Non seulement elle avait arraché le vernis princier, mais elle avait aussi deviné ses propres conjectures.

Il avait en effet soupçonné que son intrusion ici était son fait à elle.

« Il ne reste pas une seule boutique de vêtements dans cette rue, et vous êtes la seule à y faire commerce — et justement de ce dont nous avons besoin… »

Il toussota, gêné, puis demanda : « Vous dites être une personne venue de plus de mille ans dans le futur, et que si l'on franchit cette porte, on arrive dans votre atelier. Nous sommes en plein été, et pourtant votre atelier regorge de ces vestes ouatinées de tout à l'heure ? »

Chen Jinyue hocha la tête. « C'est exact. »

« Mais pourquoi fabriquer une telle quantité de vestes ouatinées en plein été ? »

« …… »

Chen Jinyue sentit son cœur se serrer.

Pourquoi, en effet ?

Parce que Chen Jianguo était au bout du rouleau et espérait renverser la situation avec cette commande, boucher les trous précédents.

Sauf qu'il ne s'attendait pas à tomber dans un trou encore plus grand…

Elle pesa ses mots. « Notre pays a une population nombreuse et la demande est forte. Certains recherchent la chaleur, d'autres la mode, c'est-à-dire des modèles inédits. Alors, avant l'arrivée de l'hiver, les commerçants passent à l'avance des commandes de gros volumes de nouveaux modèles, pour être prêts. »

Jiang Qi'an insista d'instinct : « Ce lot-ci a donc lui aussi été commandé par quelqu'un d'autre ? »

« À l'origine, oui. » Voyant sa déception non dissimulée, Chen Jinyue ajouta : « Mais un vêtement sert avant tout à tenir chaud ; alors si vous les voulez, je vous les vendrai en priorité. »

Jiang Qi'an plissa légèrement les yeux. « Est-ce bien vrai ? »

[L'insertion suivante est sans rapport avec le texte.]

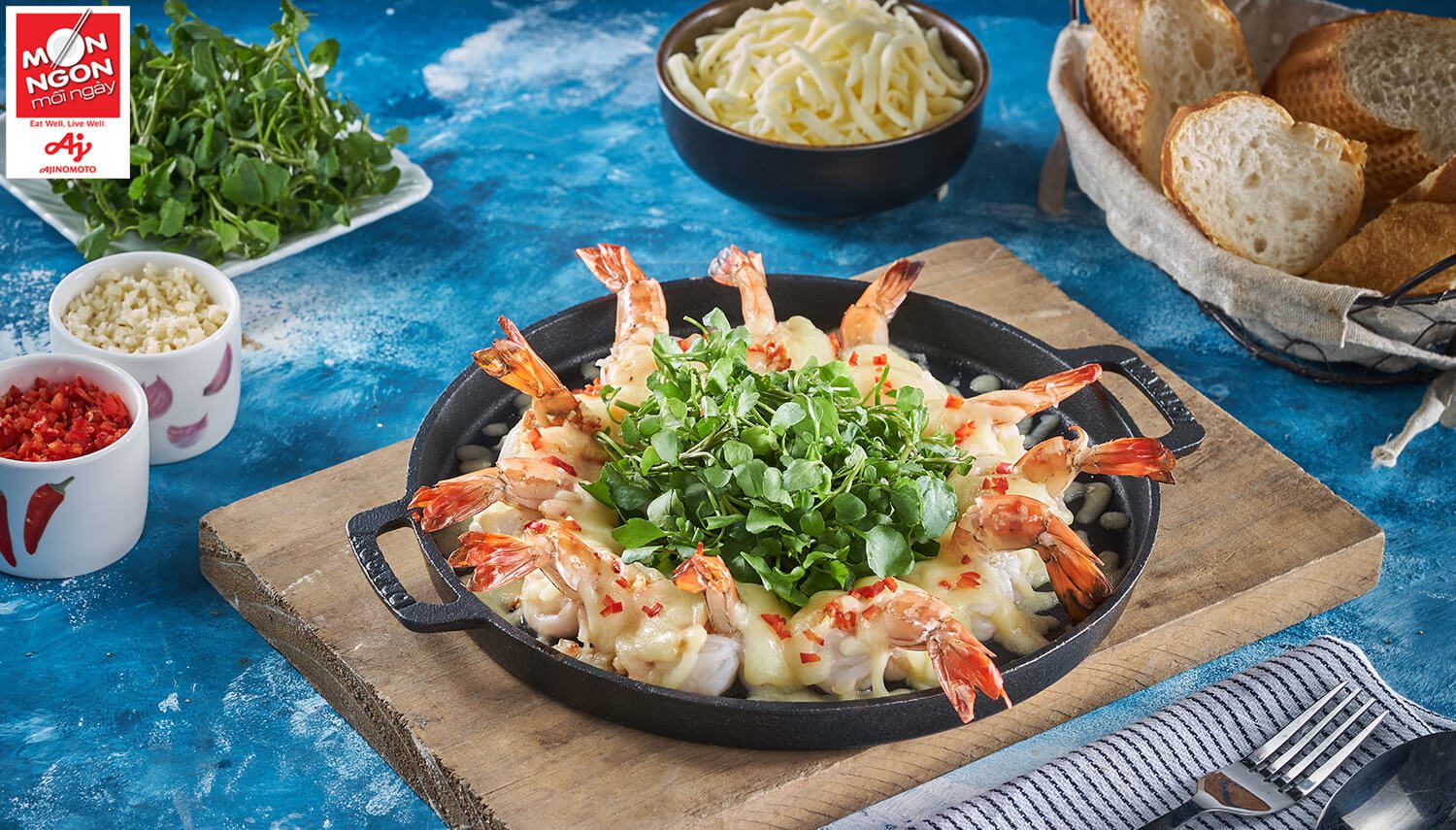 ✅ Đậy nắp đến khi phô mai vừa chảy thì mở nắp để tôm không ra nước.
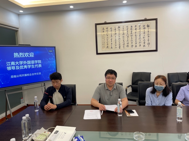 江阴滨江医疗设备有限公司总经理查士洪、副总经理朱林燕等参加座谈交流会。首先,查士洪介绍了江阴滨江医疗设备有限公司的基本情况。他介绍了公司的发展历程、主要产品、海外业务、招聘情况等内容,他表示,企业的发展离不开优秀的人才,近几年企业一直在拓展海外业务,需要高素质语言人才,期待与色色啦
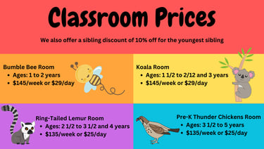 We have about 11 teachers on staff--several have worked here for 10+ years. We truly love what we do and are eager to teach and lead children each day. We do our best to provide a safe, inviting, and fun learning environment for our children.
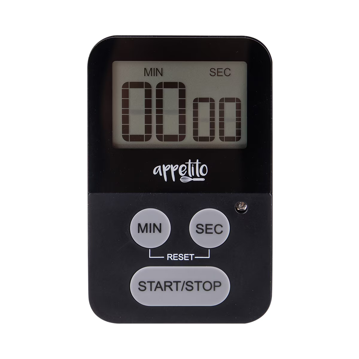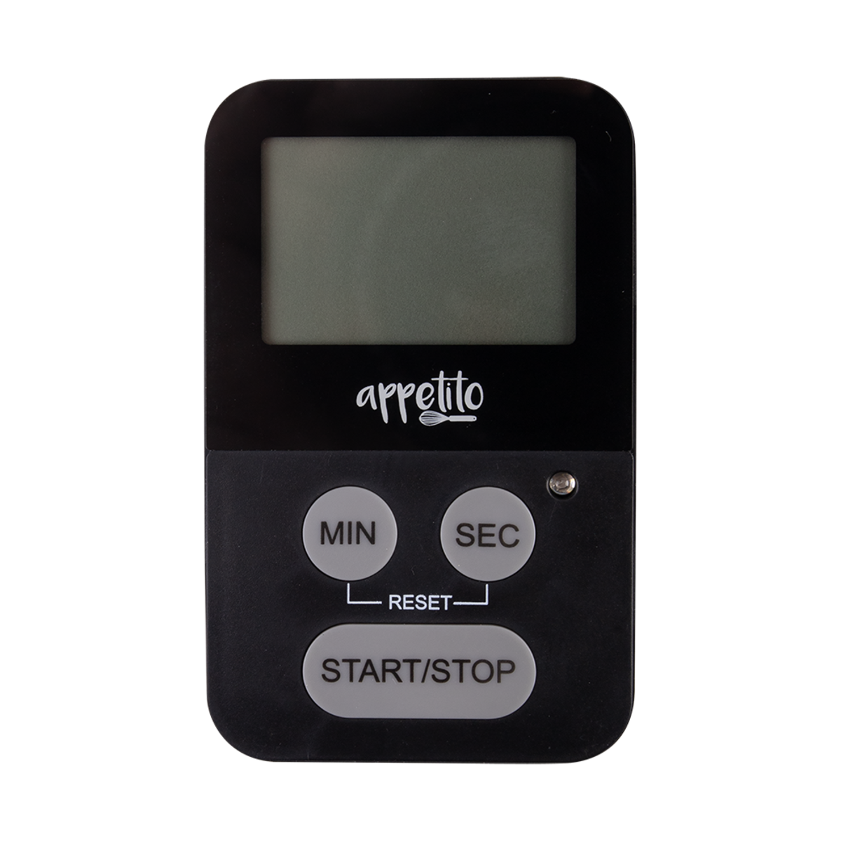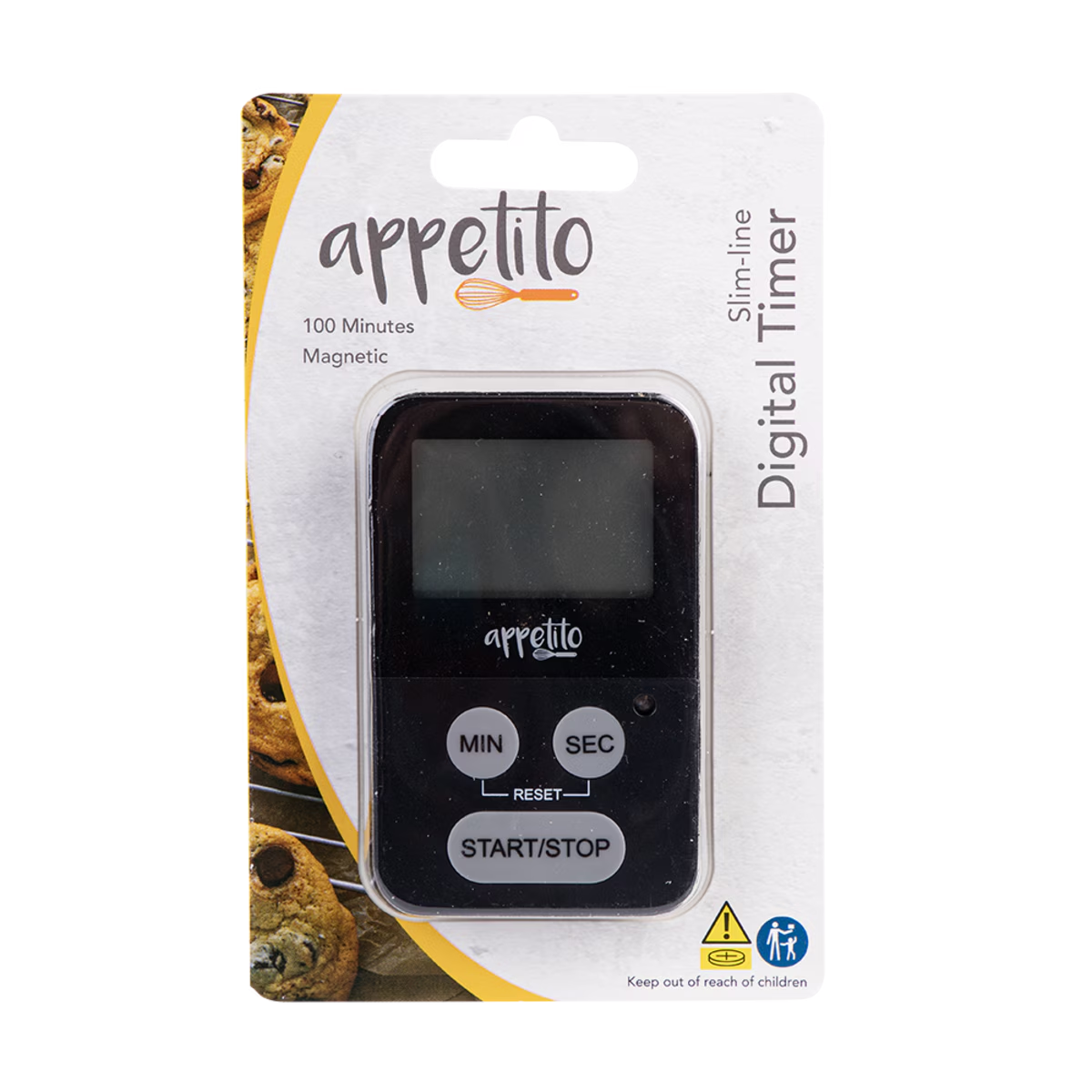 The Appetito Slim-line Digital Timer can count up or down, up to 100 minutes. Its magnetic backing allows for handy storage – simply attach it to a convenient magnetic surface such as the fridge or oven. This slim body timer also features an easy to read display, and alarm.
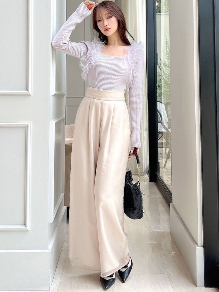 シアーをレイヤードした抜け感のあるワイドパンツ
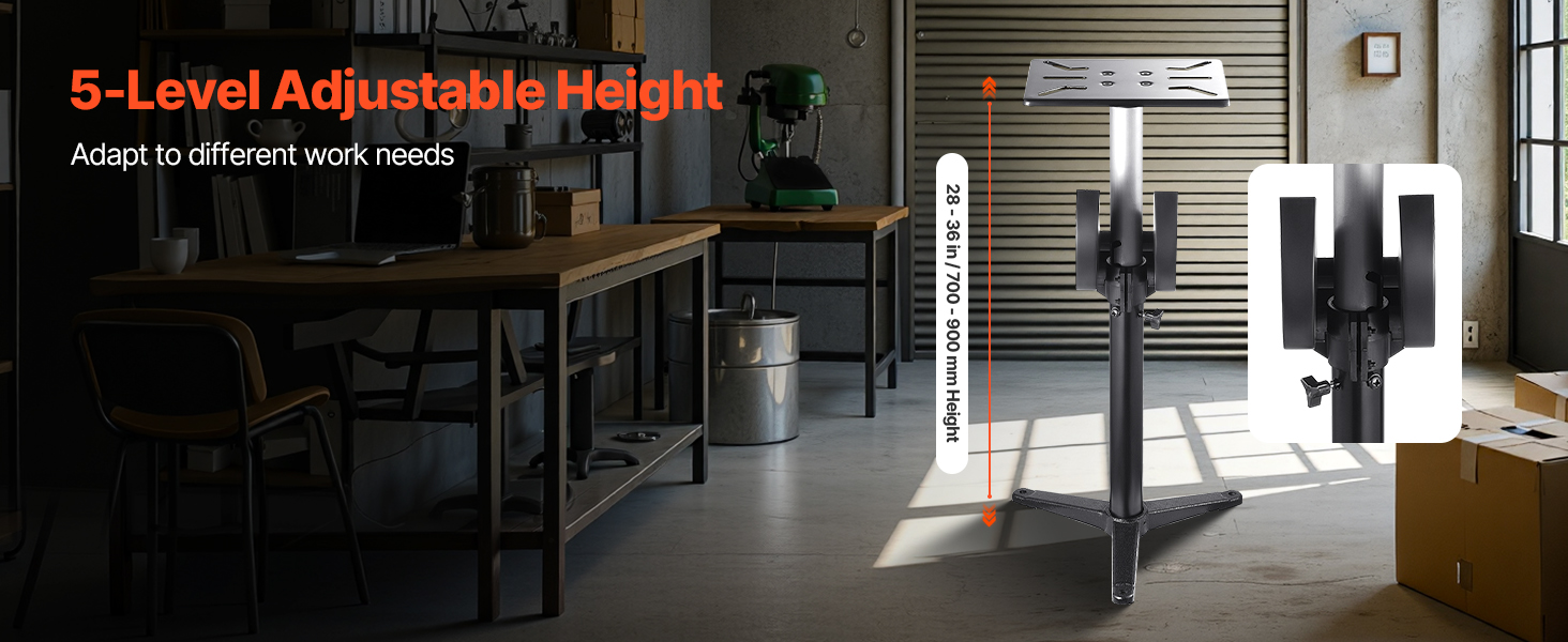 Jednoduché nastavenie výšky od 28'' do 36'' (700-900 mm), aby vyhovovala rôznym preferenciám používateľa a pracovným podmienkam. Vychutnajte si zvýšený komfort a zníženú únavu pre efektívnejšie brúsenie.
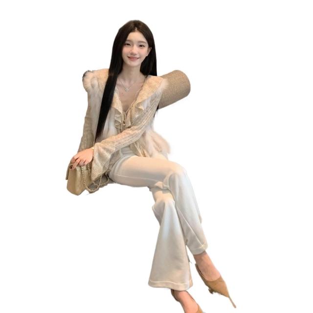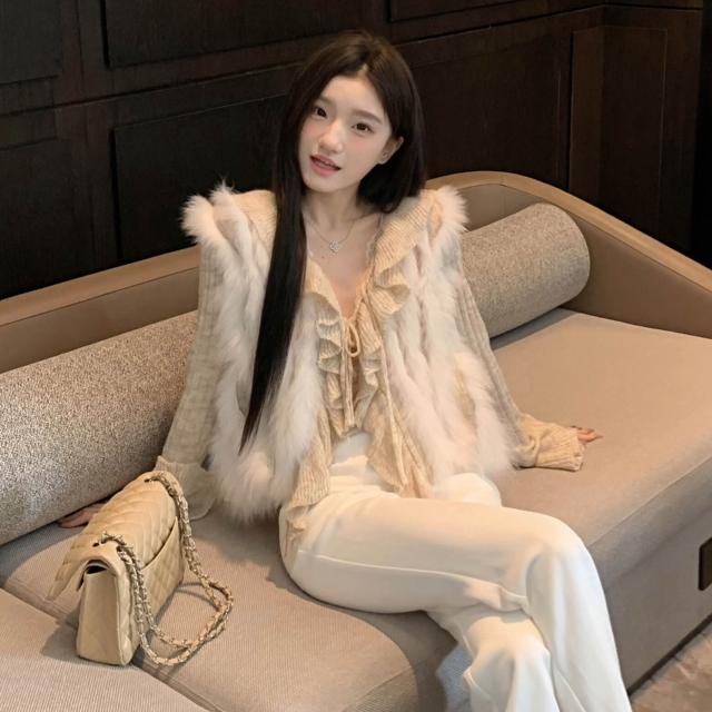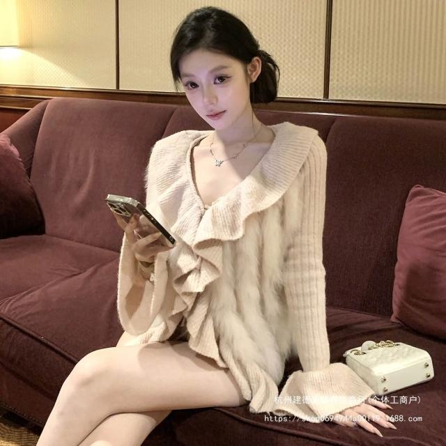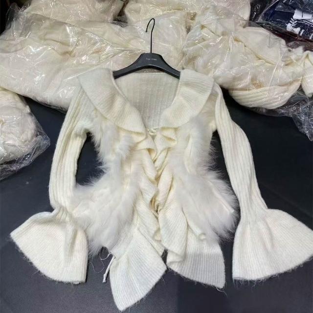 漫語· 溫柔毛毛拼接荷葉邊女羊毛針織開衫百搭上衣

« Il reste plusieurs mois avant l'hiver ; je n'aurai qu'à en fabriquer d'autres pour les autres clients. » Elle faisait de son mieux pour tenir son rôle de commerçante digne de confiance.

« Dans ce cas, le prix… »

« La monnaie que j'utilise ici n'est pas compatible avec celle de votre pays, il est donc difficile de fixer un prix. Payez ce que vous jugerez juste. »

De toute façon, tout ce qu'il donnait était de l'antiquité : la valeur ne pouvait pas être faible.

Et puis, il restait encore une belle part du jade qu'il avait remis la fois précédente.

Jiang Qi'an s'était attendu à ce qu'elle profite de l'occasion pour le rançonner ; après tout, même si elle ne l'avait pas dit explicitement, il avait compris à leur premier échange qu'elle manquait d'argent en ce moment.

Or elle n'avait formulé aucune exigence et lui laissait même le soin de fixer le paiement, par égard pour lui — ce qui lui donna le sentiment d'avoir l'esprit étroit.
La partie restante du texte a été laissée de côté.